[What the task asks]
Excluding pictures, retype the line with "②处理中端。大数据平台匹配出" and each line that follows it to the end of the data below, word for word.

[Extracted material]
--*--
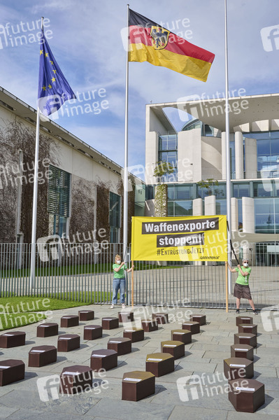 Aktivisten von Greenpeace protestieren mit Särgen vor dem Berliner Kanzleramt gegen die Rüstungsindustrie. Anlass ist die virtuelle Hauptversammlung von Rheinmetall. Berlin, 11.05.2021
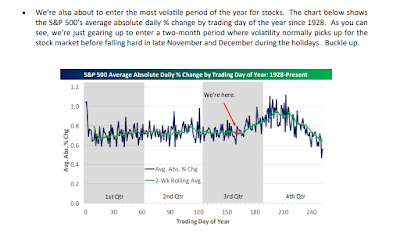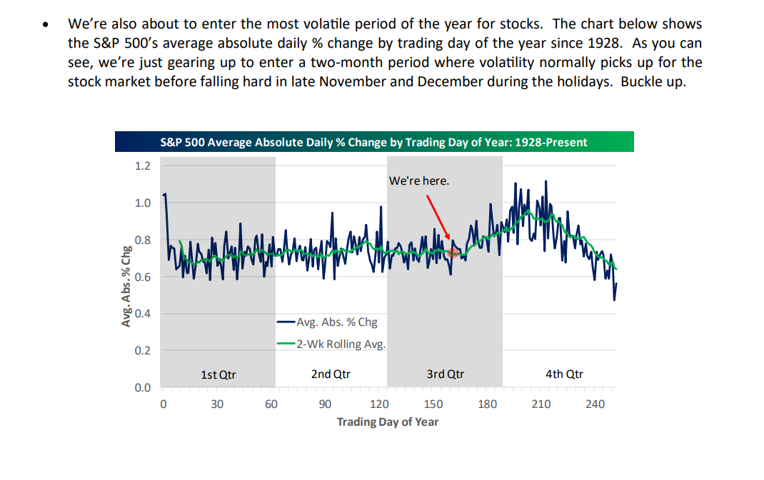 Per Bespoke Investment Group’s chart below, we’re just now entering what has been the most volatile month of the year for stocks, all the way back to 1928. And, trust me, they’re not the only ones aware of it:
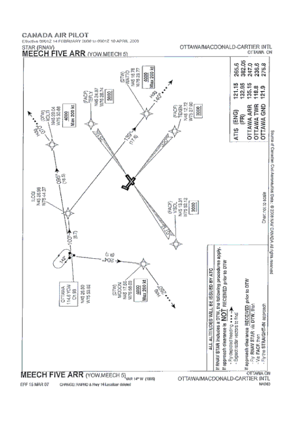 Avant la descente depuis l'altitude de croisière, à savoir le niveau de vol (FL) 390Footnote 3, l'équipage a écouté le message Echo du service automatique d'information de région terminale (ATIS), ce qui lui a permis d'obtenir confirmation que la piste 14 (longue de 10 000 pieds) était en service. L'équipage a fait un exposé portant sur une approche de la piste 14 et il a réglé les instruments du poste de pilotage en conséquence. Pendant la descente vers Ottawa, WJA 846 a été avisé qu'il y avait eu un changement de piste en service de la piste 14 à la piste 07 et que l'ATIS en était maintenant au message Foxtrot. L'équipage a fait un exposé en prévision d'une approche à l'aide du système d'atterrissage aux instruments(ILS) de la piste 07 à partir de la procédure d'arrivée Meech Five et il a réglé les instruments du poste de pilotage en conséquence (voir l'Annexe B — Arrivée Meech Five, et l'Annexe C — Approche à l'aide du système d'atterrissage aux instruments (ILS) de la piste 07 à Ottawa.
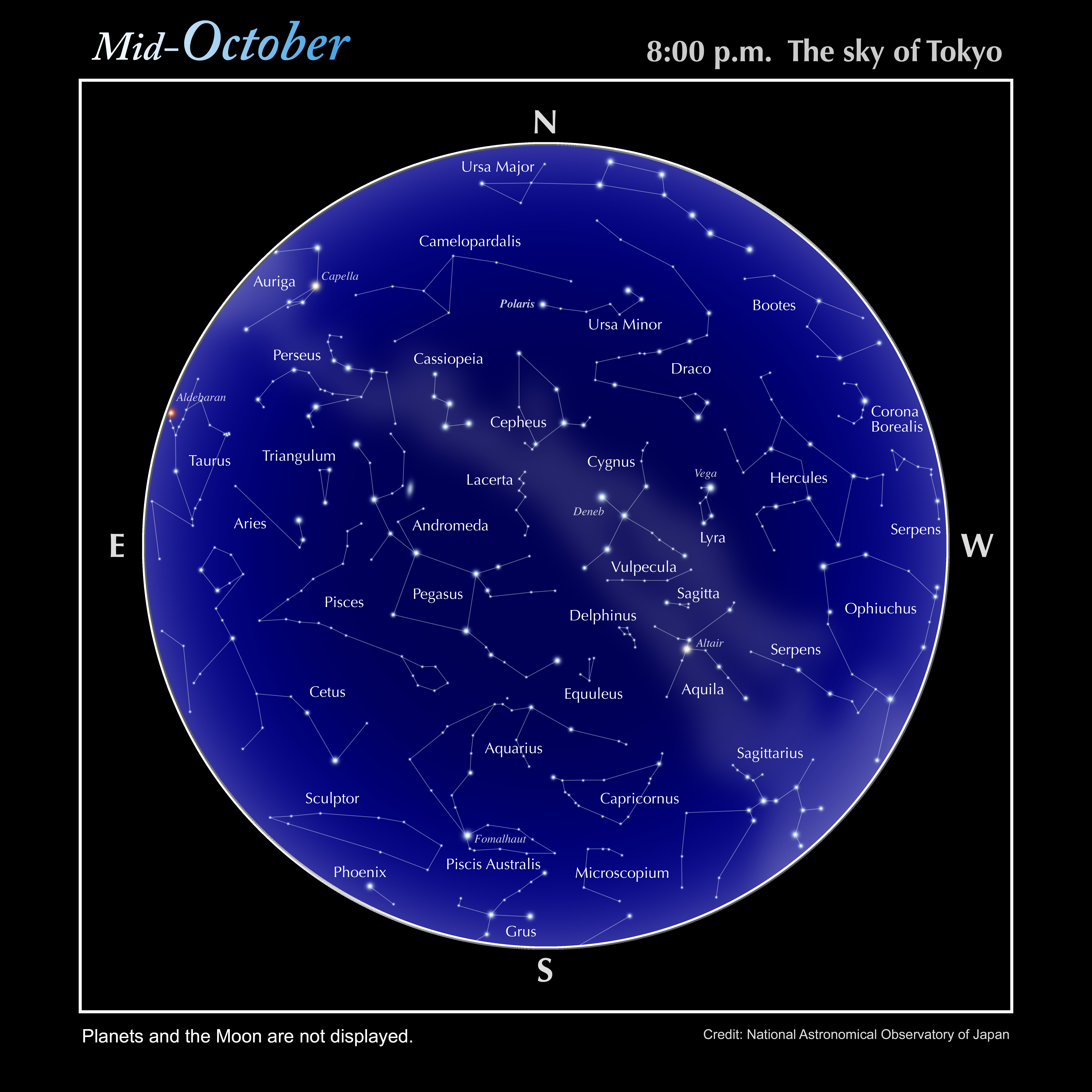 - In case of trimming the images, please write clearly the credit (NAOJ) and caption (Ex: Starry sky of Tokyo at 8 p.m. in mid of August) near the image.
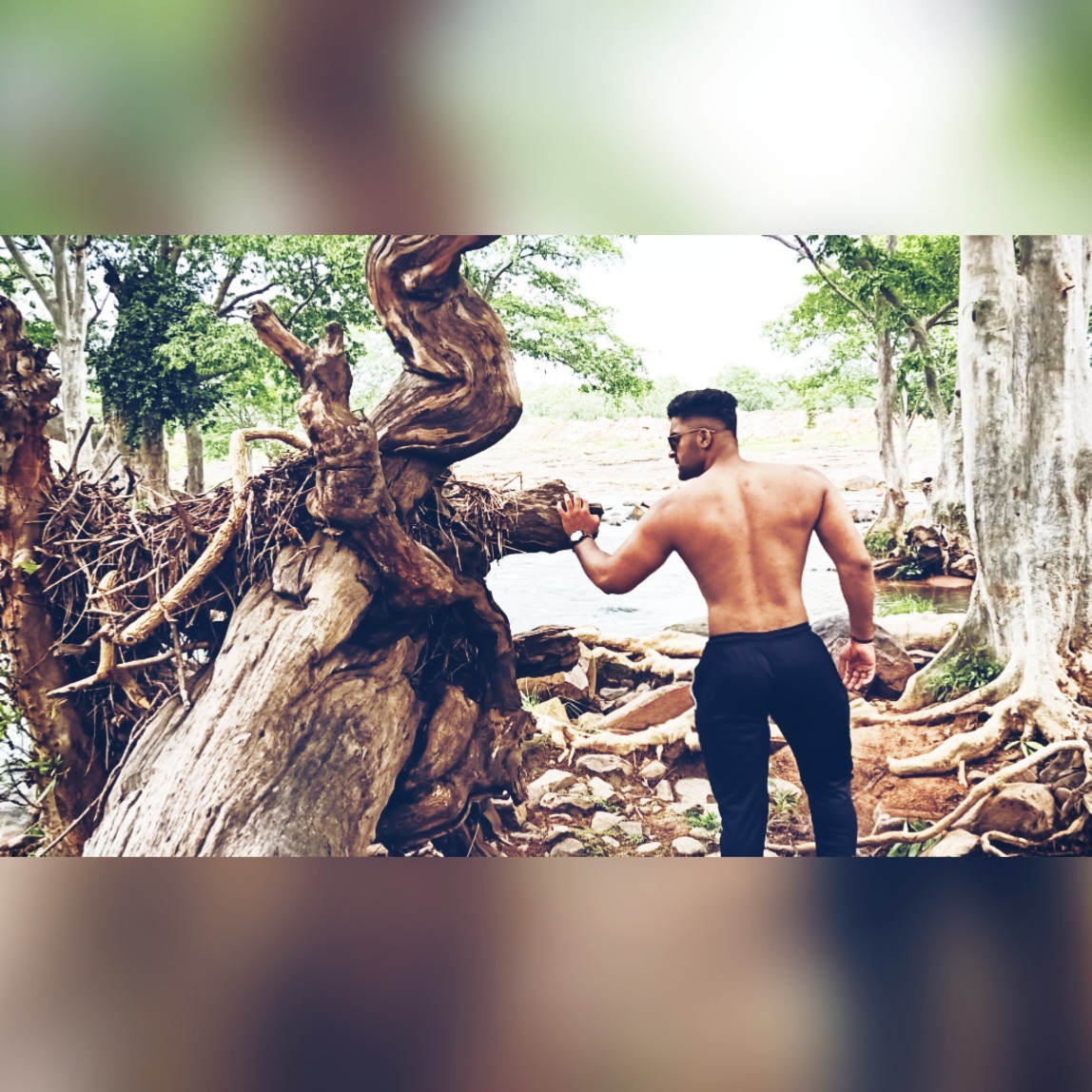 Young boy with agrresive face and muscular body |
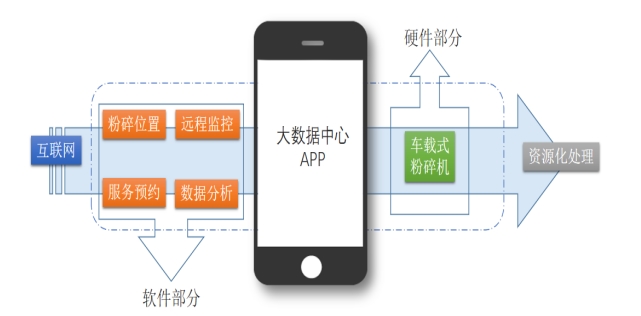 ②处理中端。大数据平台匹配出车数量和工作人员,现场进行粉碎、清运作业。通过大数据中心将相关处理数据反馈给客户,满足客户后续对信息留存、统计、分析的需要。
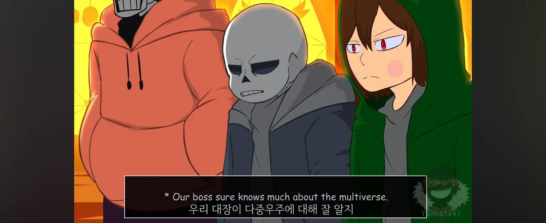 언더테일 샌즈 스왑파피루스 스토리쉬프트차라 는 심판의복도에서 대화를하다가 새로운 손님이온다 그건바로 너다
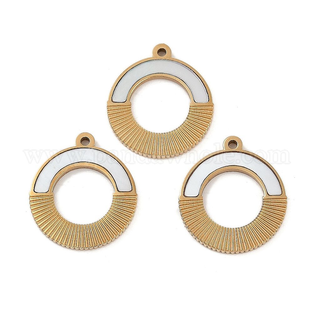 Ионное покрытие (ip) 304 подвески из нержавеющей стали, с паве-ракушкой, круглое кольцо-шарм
--*--
[Completed task]
 ②处理中端。大数据平台匹配出车数量和工作人员,现场进行粉碎、清运作业。通过大数据中心将相关处理数据反馈给客户,满足客户后续对信息留存、统计、分析的需要。
 언더테일 샌즈 스왑파피루스 스토리쉬프트차라 는 심판의복도에서 대화를하다가 새로운 손님이온다 그건바로 너다
 Ионное покрытие (ip) 304 подвески из нержавеющей стали, с паве-ракушкой, круглое кольцо-шарм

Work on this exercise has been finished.